«Это моя вина!», - горестно подумала Людмила Петровна, а вслух сказала:
-Владик, я не только верю в то, что есть искренно верующие люди. Я надеюсь, что и во мне есть искорка веры, которую нужно раздуть. Я хочу креститься. Я хочу крестить тебя и детей. Я хочу обвенчаться с тобой, наконец!
Владислав Владимирович смотрел на жену, как на чудо заморское, широко открытыми глазами и не мигая.
-Это шутка? – спросил он нарочито удивленным голосом.
-Нет, это не шутка.
-Это все влияние твоей любимой прислуги!
-Не называй Аню прислугой!
-А кто она? Она прислуга! И как ее не назови, прислугой и останется! Я давно замечал, как она иногда молится, крестится. Но ты, Мила! Ты меня просто поразила! Неужели ты считаешь, что этот Евангельский бред имеет хоть какой-нибудь смысл?
Владислав Владимирович рассмеялся так злобно, что его жена и сын невольно поежились, а он, не замечая этого, продолжал:
-Подумать только! «Ударившему тебя по щеке, подставь и другую, и отнимающему у тебя верхнюю одежду не препятствуй взять и рубашку. Всякому просящему у тебя, давай, а от взявшего твое не требуй назад. И если любите любящих вас, какая вам за то благодарность? Ибо и грешники любящих их любят». Это ли не чушь?! Где бы я сейчас был, если поступал так? Если ты, Мила, действительно в это веришь, то ты дура.
Женя испуганно посмотрел на мать, так как ожидал страшной бури после оскорбления, но она стояла молча и очень грустно смотрела на мужа. Смотрела так, будто он тяжело болен.

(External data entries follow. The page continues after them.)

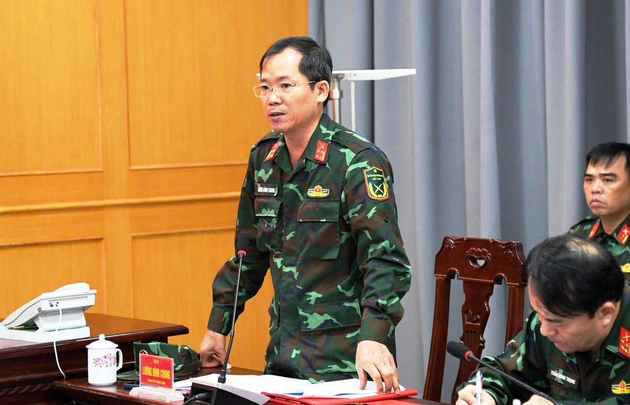 Đại tá Lương Đình Chung - Chính ủy Quân khu 5 phát biểu tại hội nghị.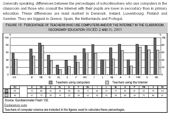 Ποσοστά καθηγητών ΔΕ που χρησιμοποιούν ΤΠΕ και διαδίκτυο στο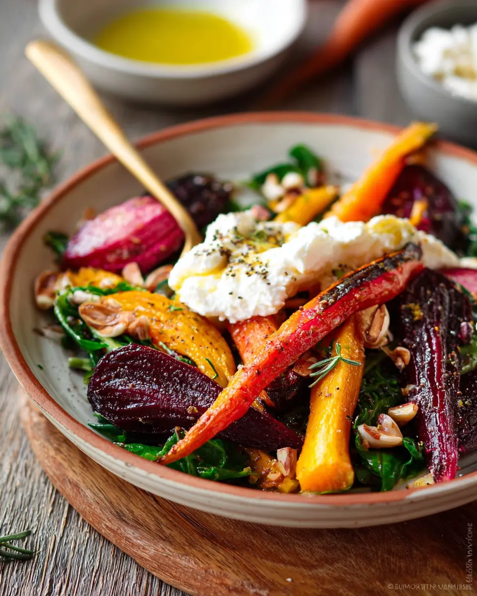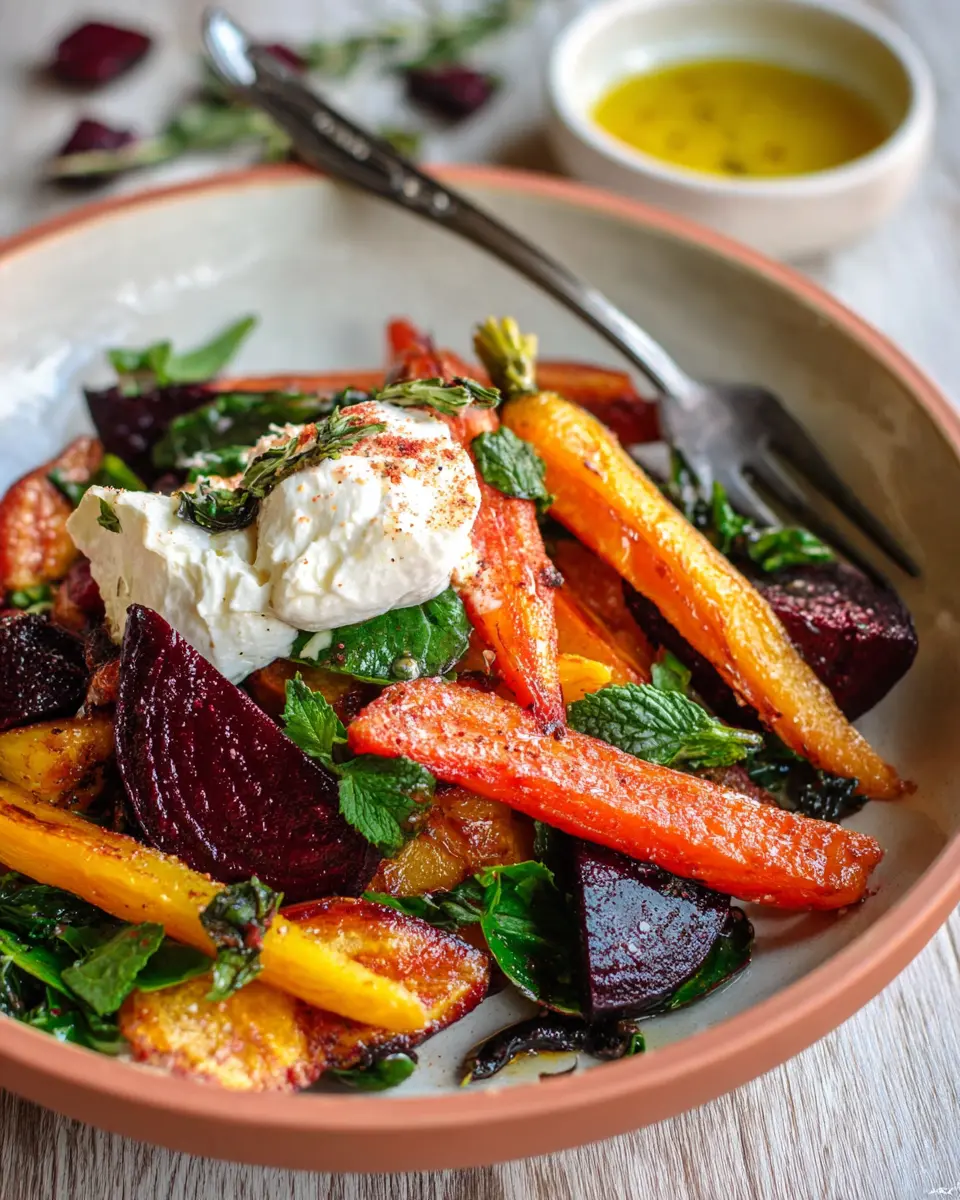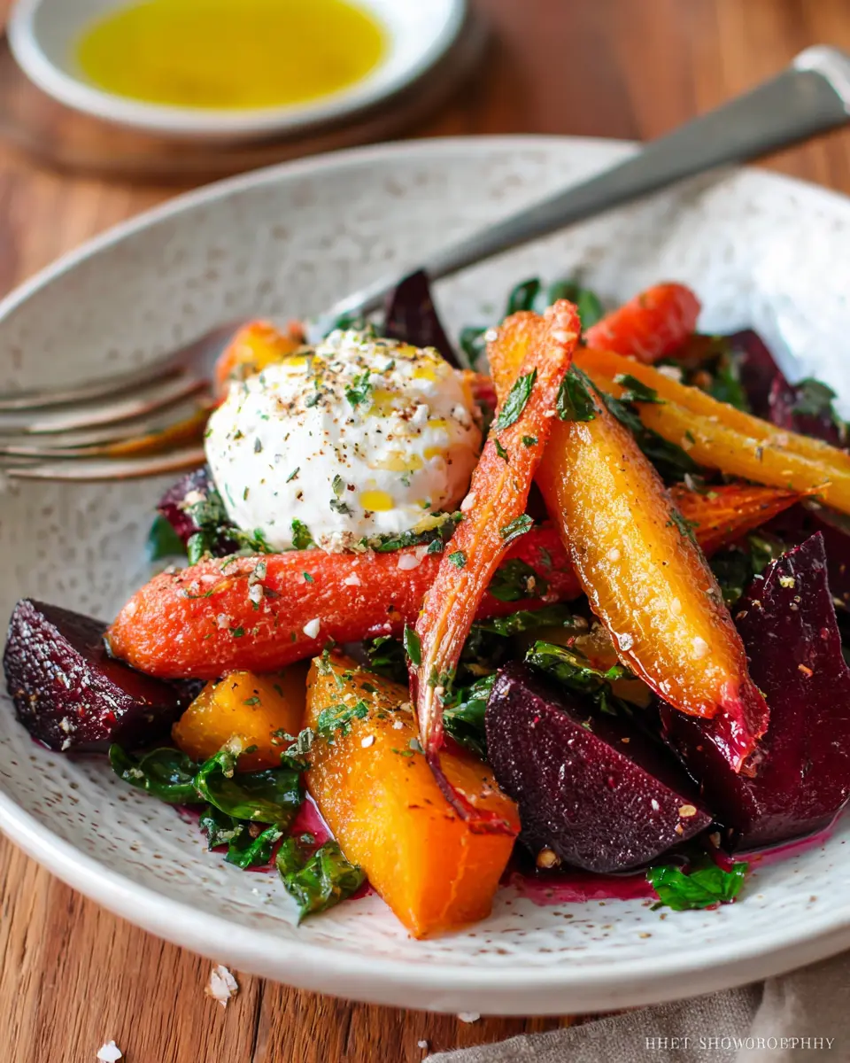 Roasted Beets and Carrots Salad with Burrata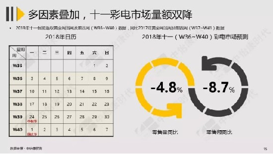 中怡康預(yù)測,今年十一彩電市場或呈現(xiàn)“量額雙降”局面,其中零售量同比下降4.8%,零售額則同比下降8.7%,長假對彩電行業(yè)所起的作用將小于預(yù)期。分析原因主要有兩點(diǎn):一是每年促銷節(jié)點(diǎn)太多,消費(fèi)者應(yīng)接不暇;二是新興營銷模式層出不窮,造成消費(fèi)分流。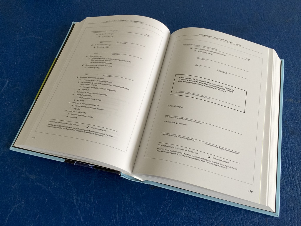 Weitere Themenbeispiele und Checklisten aus dem sehr umfangreichen Inhalt: Beschäftigte/Personal, Rigging/Lasten, Laser, Pyro, Lifte und Leitern, vorschriftsmäßige Errichtung und Betriebsbereitschaft, Arbeitsschutzgesetz, Baustellenverordnung, Betriebsvorschriften der Versammlungsstätten-Verordnung, TA Lärm, Brandverhalten von Baustoffen und Bauteilen, Anforderungen für Sicherheitsdienstleister, Ablegereife, Windlasten usw. Die Checklisten zur Risikobeurteilung und Dokumentation von Schutzmaßnahmen stehen Käufern des Buches außerdem kostenlos in einer Mediathek zum Download bereit.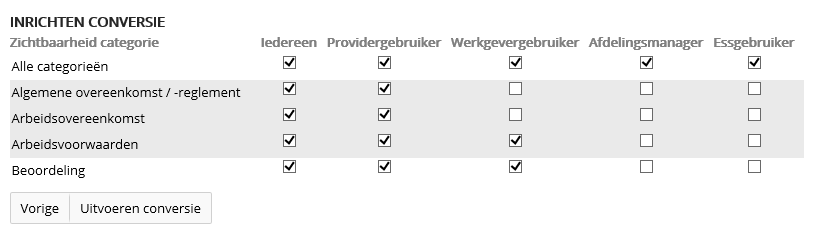 - In het volgende scherm kan per documenttype aangegeven worden wie er toegang heeft. Deze instellingen kunnen, indien gewenst, aangepast worden met de autorisatiematrix. Klik vervolgens op Uitvoeren conversie.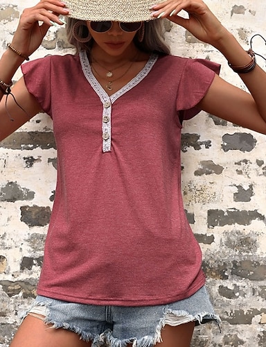 Mulheres Camiseta camiseta de um quarto de botão Renda Vintage à moda Casual Manga Curta Concha manga babado Decote V Tops regulares Diário Para Noite Rosa empoeirada Verão Primavera

Владислав Владимирович, увидев, что с ним никто не спорит, продолжал:
-Эта Андрюшкина одноклассница не только как ненормальная крестилась, она и одеться подобающе не смогла. Вот Элла была одета просто, со вкусом, но празднично. Празд-нич-но!
-А знаешь, во сколько обошелся мне ее праздничный вид? – вдруг заговорил Евгений.
Людмила Петровна и Владислав Владимирович одновременно посмотрели на него.
-Она кроме праздничной одежды, повседневной, спортивной и так далее, и так далее ничем не интересуется. Знаете, что она еще выкинула? – продолжал Евгений упавшим голосом.
Родители молчали и вопросительно смотрели на сына.
-От нас сбежала очередная няня, - продолжал Евгений, - и Элла была один день с ребенком сама. Только один день! Вечером, когда я пришел с работы, Ксения плакала, надрывалась. Я пошел в детскую, там кроватки нет. Эллка лежит на кушетке и спит. В общем, она чтобы отдохнуть, выкатила кроватку из детской в гостиную, закрыла плотно все двери, чтобы дочка не мешала ей спать, и дрыхнет. Когда я возмутился, разбудил ее, она расплакалась, сказала, что о ней никто не думает, что она и так всю себя отдает семье, и если она решила отдохнуть, что здесь плохого? В результате, я оказался виноват во всех смертных грехах, а то, что Ксения вся в соплях, красная, обкаканная орет в гостиной, это нормально. Я ее спрашиваю: «Зачем кроватку в гостиную выкатила?», а она говорит: «В детской кушетка удобная и тепло»! Это нормально? Причем, объяснять что-нибудь бесполезно. Она уверена, что я придираюсь не по делу. Она тупая какая- то!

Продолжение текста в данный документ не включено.